Monday, October 28, 2024

Iowa bans transgender girls from women’s sports under state-wide new legislation

Iowa bans transgender girls from women’s sports under state-wide new legislation

New legislation will ban transgender girls and women from competing in women’s sports at Iowa schools, colleges and universities. Iowa Gov. Kim Reynolds signed the legislation into law on Thursday, a day after the Iowa Senate passed it, and the law will immediately take effect. 

Under the new state law, House File 2416, school-sponsored athletic events must be designated for men’s, women’s or coeducational sport. For an athlete to compete in a women’s sport, they must have female marked as the sex on their birth certificate; men’s sports have no such requirement. Students can also sue if they suffer “direct or indirect harm” from a school violating the law. 

Iowa is now the 11th state to pass a law limiting the athletic participation of transgender girls and women. After signing the legislation, Reynolds said it added to Iowa’s “impressive legacy of advancing women’s equality.” 

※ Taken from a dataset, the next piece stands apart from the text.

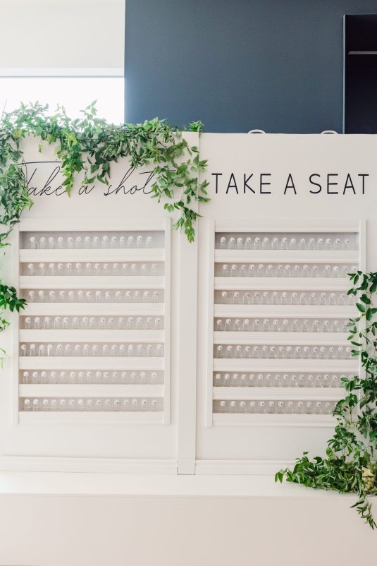 An interactive “Take a Shot, Take a Seat” tequila shot wall (inspired by Amanda’s bachelorette in Cabo) also doubled as a seating chart.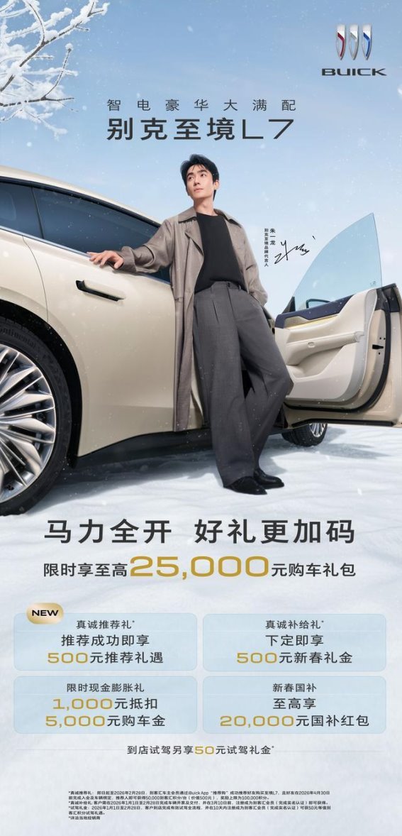 自上市以来,别克至境L7在终端市场持续热销,迅速登顶增程轿车销量榜首,每销售四台增程车中就有一台是别克至境L7。凭借顶尖的增程技术、越级的豪华体验以及高阶智能辅助驾驶,别克至境L7满足了主流新能源用户对高品质出行的需求,也成为冬季出行的首选。在新春佳节,别克至境L7通过暖心购车礼遇再次向市场证明:在寒冷冬季,增程才是最实用、最贴心的出行方案,为每一位车主带来安心、舒适和高效的冬季出行体验。

“Great things happen when women have access to the fair and equal playing field they deserve,” Reynolds said, per the Des Moines Register. “But what would it say about a commitment to this principle if we let actual playing fields — the courts, fields, rinks, pools and tracks of youth and collegiate sports — be tilted in favor of biological males with inherent physical advantages?”

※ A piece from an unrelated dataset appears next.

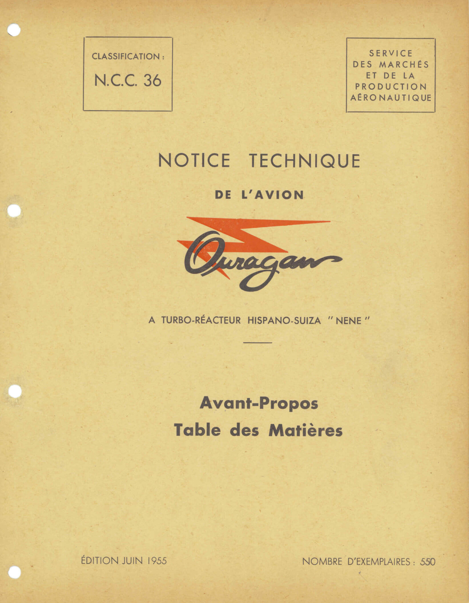 - Maintenance Manual for the Ouragan, titled “Notice Technique”. In the standard early 50’s French military format including description, maintenance, weight data, dismantling, etc. Document N.C.C. 36 dated June 1955 with approx. 440 pages. (In French.)

Iowa Safe Schools executive director Becky Smith, who held the transgender flag during the signing at the Iowa Capitol, acknowledges the law has changed the playing field – but not in favor of transgender girls and women. 

“It’s really just a reminder that transgender students matter, that they’re here, that they are not going anywhere,” Smith said. “And despite the fact that their rights are being infringed upon by the passage of this bill we stand with them, we have not forgotten them and the fight continues for LGBTQ youth across the state.”

While Iowa’s new legislation is now in effect, its legal hurdles likely aren’t over. Similar laws have been a subject of court battles in Florida, Idaho, Tennessee and West Virginia over the last two years.